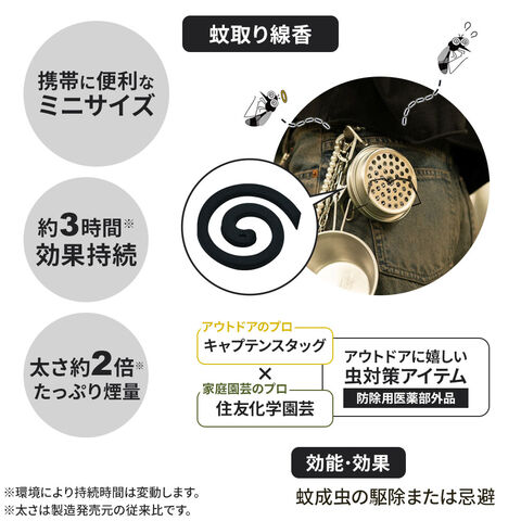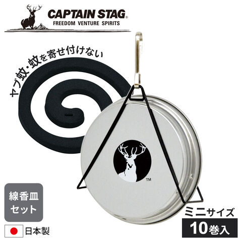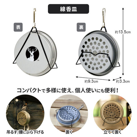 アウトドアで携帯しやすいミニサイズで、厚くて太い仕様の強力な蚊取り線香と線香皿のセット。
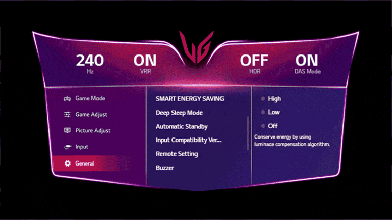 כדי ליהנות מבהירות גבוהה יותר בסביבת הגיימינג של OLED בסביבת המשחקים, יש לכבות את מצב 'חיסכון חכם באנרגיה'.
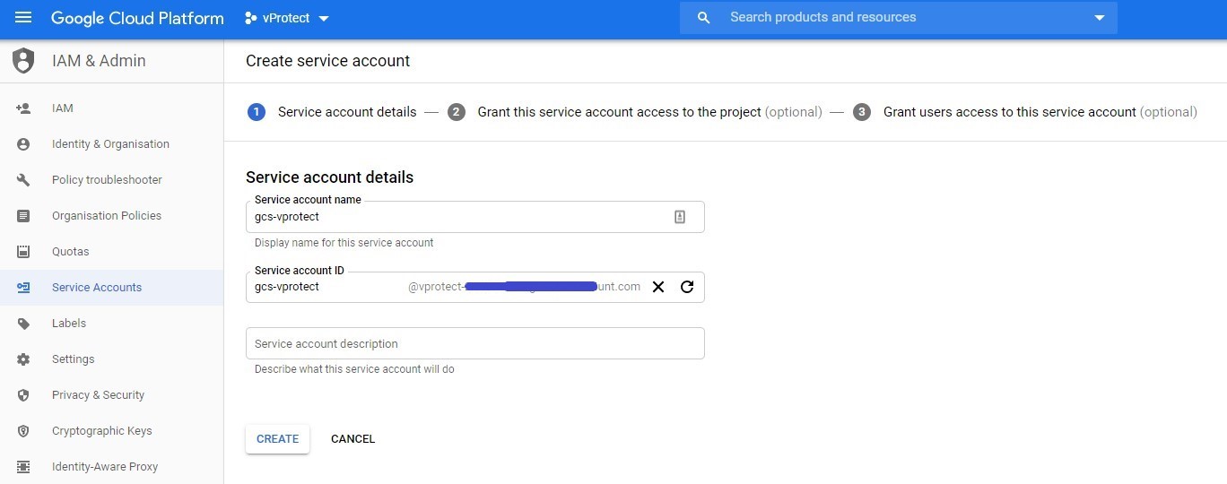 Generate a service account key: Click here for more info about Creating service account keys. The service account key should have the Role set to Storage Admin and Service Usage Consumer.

...

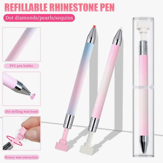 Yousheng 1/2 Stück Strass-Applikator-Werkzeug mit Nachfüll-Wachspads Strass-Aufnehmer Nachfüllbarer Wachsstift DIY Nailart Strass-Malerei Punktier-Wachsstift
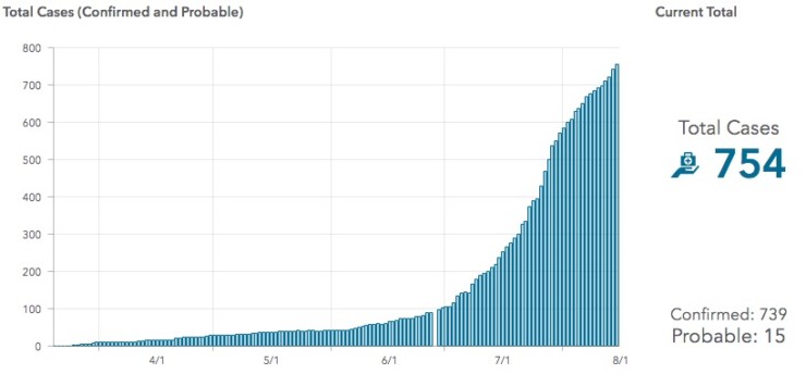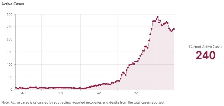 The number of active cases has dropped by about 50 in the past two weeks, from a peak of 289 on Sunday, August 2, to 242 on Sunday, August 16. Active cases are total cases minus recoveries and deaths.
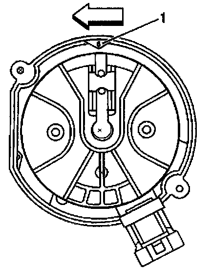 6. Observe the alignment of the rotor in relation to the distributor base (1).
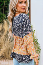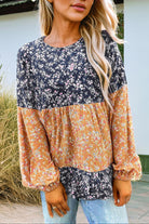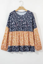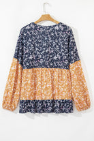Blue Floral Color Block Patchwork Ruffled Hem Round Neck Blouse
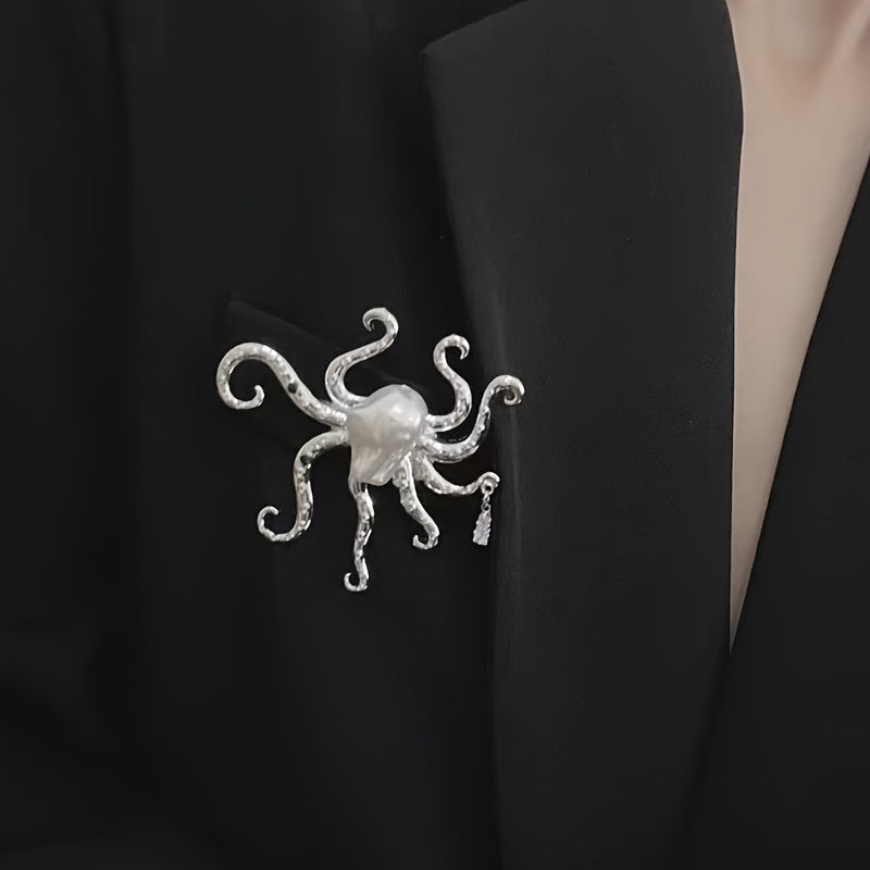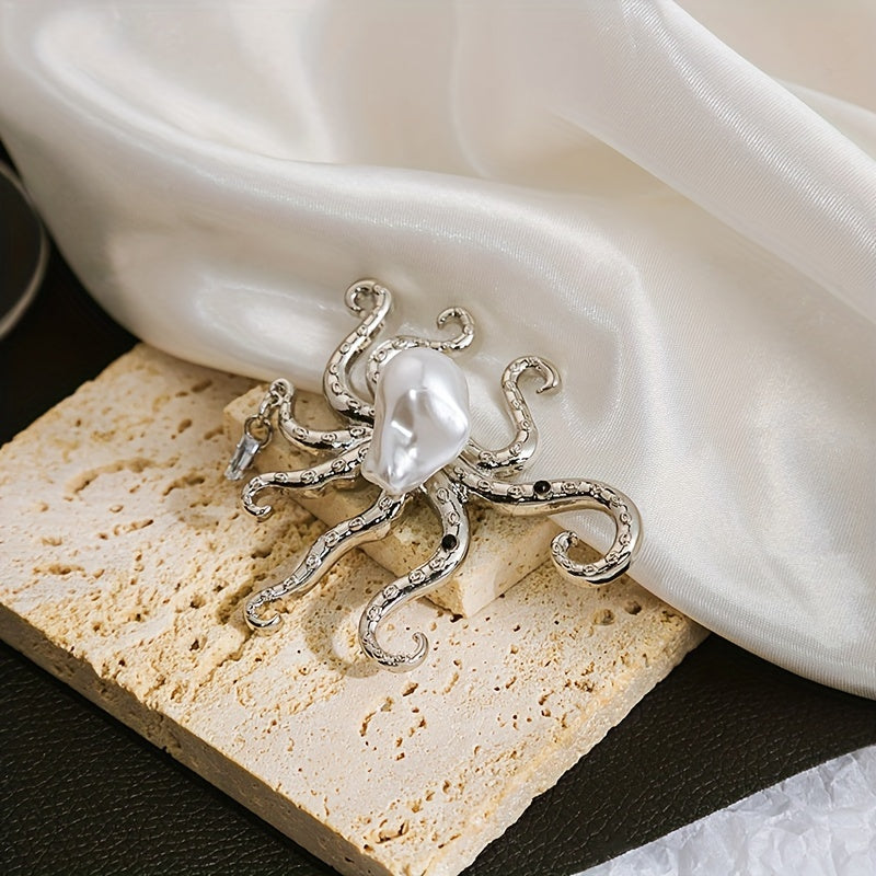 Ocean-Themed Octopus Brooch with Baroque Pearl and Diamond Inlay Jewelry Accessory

---

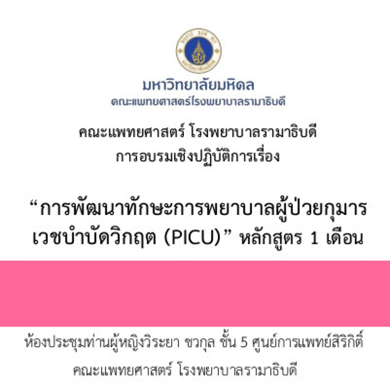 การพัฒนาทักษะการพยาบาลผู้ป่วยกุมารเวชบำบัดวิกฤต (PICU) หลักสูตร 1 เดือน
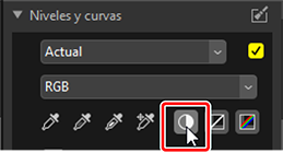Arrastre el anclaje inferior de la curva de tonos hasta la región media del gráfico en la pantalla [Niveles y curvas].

§ **What needs to be done**
Within the data above, repeat exactly the lines from the one bearing "Blue Floral Color" through the one bearing "Ocean-Themed Octopus Brooch". Include no pictures and nothing else.

§ **Problem solution**
Blue Floral Color Block Patchwork Ruffled Hem Round Neck Blouse
 Ocean-Themed Octopus Brooch with Baroque Pearl and Diamond Inlay Jewelry Accessory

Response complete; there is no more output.